→ Provided information
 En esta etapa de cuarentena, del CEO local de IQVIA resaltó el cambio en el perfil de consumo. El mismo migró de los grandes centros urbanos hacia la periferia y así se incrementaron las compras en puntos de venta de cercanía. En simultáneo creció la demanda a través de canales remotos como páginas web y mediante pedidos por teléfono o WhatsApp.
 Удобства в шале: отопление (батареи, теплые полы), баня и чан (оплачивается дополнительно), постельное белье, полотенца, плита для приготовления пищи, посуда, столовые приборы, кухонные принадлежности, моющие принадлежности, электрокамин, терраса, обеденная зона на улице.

---

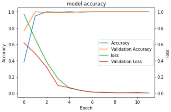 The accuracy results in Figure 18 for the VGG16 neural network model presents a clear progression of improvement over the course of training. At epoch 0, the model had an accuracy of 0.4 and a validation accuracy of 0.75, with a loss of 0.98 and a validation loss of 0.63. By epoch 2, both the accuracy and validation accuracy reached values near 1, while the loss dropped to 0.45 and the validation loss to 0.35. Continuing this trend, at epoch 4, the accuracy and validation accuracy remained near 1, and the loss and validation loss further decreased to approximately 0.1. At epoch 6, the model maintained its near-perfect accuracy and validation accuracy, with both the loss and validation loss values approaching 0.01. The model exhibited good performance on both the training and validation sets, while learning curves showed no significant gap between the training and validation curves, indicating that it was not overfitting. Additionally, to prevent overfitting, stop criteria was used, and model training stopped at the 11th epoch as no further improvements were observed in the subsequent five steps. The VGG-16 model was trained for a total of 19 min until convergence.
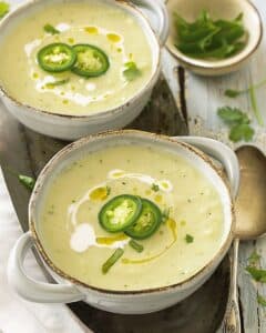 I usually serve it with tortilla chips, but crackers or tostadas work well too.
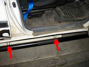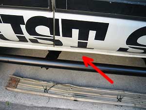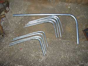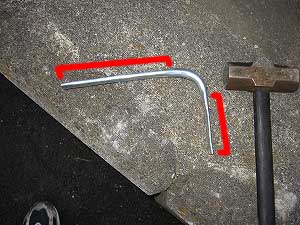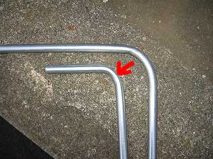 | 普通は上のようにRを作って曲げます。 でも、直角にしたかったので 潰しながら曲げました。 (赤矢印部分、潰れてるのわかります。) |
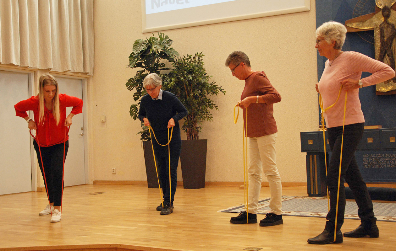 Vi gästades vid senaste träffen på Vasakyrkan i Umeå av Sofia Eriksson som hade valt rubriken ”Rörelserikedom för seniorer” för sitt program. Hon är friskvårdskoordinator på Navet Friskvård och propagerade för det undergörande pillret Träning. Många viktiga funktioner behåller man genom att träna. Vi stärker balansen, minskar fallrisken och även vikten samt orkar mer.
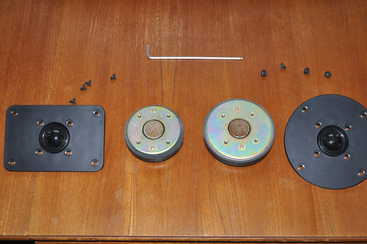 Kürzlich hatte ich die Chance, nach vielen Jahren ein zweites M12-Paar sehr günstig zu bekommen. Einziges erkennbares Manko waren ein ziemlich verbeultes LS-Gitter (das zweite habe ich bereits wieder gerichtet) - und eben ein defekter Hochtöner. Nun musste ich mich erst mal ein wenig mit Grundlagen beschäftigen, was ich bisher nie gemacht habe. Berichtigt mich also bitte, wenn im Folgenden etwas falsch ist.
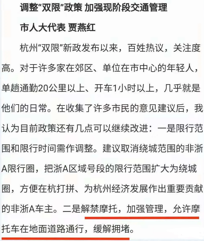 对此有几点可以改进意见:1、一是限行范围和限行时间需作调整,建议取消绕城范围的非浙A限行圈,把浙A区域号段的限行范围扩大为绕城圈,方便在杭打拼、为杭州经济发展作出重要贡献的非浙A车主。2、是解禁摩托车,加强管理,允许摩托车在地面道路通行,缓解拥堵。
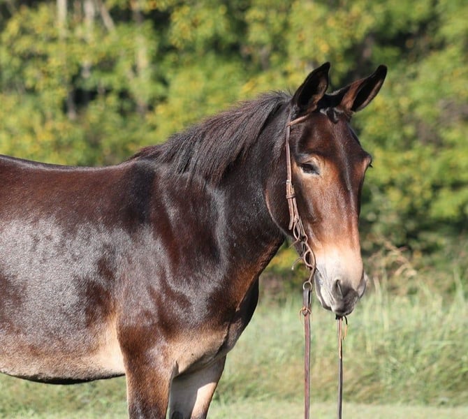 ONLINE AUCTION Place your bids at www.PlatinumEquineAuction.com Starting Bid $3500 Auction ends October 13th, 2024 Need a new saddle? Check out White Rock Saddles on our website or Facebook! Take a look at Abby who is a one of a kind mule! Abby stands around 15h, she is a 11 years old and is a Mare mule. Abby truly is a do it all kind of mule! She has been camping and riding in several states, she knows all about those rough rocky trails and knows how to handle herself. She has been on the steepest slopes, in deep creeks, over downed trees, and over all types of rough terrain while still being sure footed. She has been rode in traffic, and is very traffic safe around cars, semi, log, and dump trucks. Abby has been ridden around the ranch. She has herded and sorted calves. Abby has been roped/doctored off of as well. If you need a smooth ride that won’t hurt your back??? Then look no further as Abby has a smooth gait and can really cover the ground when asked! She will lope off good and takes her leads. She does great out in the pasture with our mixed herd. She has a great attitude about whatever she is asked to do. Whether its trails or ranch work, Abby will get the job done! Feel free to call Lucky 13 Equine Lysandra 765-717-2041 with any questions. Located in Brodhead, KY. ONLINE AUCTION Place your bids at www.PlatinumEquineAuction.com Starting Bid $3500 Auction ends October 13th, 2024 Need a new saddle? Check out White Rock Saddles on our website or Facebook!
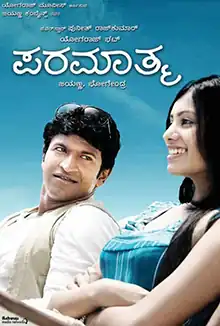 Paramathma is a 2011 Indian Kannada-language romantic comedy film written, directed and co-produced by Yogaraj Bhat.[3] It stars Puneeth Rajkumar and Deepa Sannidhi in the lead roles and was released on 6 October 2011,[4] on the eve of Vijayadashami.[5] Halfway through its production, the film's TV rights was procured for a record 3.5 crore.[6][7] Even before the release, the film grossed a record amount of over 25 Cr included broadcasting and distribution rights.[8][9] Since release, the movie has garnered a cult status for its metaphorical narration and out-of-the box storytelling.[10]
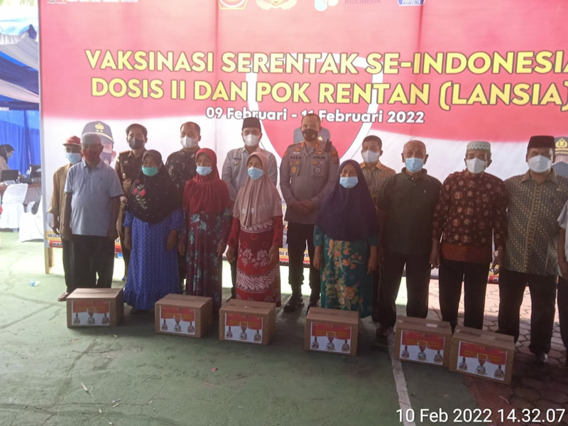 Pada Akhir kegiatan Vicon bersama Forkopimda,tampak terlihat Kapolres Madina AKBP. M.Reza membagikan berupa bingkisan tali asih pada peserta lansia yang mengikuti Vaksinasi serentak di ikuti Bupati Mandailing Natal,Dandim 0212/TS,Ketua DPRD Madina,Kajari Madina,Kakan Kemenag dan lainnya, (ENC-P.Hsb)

---

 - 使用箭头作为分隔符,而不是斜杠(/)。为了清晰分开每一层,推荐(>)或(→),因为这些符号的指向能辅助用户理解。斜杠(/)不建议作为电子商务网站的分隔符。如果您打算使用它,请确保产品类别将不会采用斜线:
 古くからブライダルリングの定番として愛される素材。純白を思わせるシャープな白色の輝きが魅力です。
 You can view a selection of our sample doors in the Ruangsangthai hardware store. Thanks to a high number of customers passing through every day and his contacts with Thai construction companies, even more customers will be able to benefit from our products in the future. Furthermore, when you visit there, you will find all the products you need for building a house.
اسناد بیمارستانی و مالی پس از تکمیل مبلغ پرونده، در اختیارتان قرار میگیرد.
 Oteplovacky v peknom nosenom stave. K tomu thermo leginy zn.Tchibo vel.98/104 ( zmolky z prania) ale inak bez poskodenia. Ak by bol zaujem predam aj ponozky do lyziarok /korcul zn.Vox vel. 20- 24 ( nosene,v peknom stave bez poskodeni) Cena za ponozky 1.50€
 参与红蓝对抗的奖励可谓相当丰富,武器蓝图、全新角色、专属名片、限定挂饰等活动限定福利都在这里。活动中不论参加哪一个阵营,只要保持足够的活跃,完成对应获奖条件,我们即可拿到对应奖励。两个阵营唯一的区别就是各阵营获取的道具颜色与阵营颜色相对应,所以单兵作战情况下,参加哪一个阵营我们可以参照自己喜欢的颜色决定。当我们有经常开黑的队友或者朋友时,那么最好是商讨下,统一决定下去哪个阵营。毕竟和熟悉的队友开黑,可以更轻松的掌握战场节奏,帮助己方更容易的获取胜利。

→ Assignment
An exact, complete copy of the lines above from the one with "En esta etapa" through the one with "Удобства в шале: отопление" is the whole answer.

→ Answer to the problem
 En esta etapa de cuarentena, del CEO local de IQVIA resaltó el cambio en el perfil de consumo. El mismo migró de los grandes centros urbanos hacia la periferia y así se incrementaron las compras en puntos de venta de cercanía. En simultáneo creció la demanda a través de canales remotos como páginas web y mediante pedidos por teléfono o WhatsApp.
 Удобства в шале: отопление (батареи, теплые полы), баня и чан (оплачивается дополнительно), постельное белье, полотенца, плита для приготовления пищи, посуда, столовые приборы, кухонные принадлежности, моющие принадлежности, электрокамин, терраса, обеденная зона на улице.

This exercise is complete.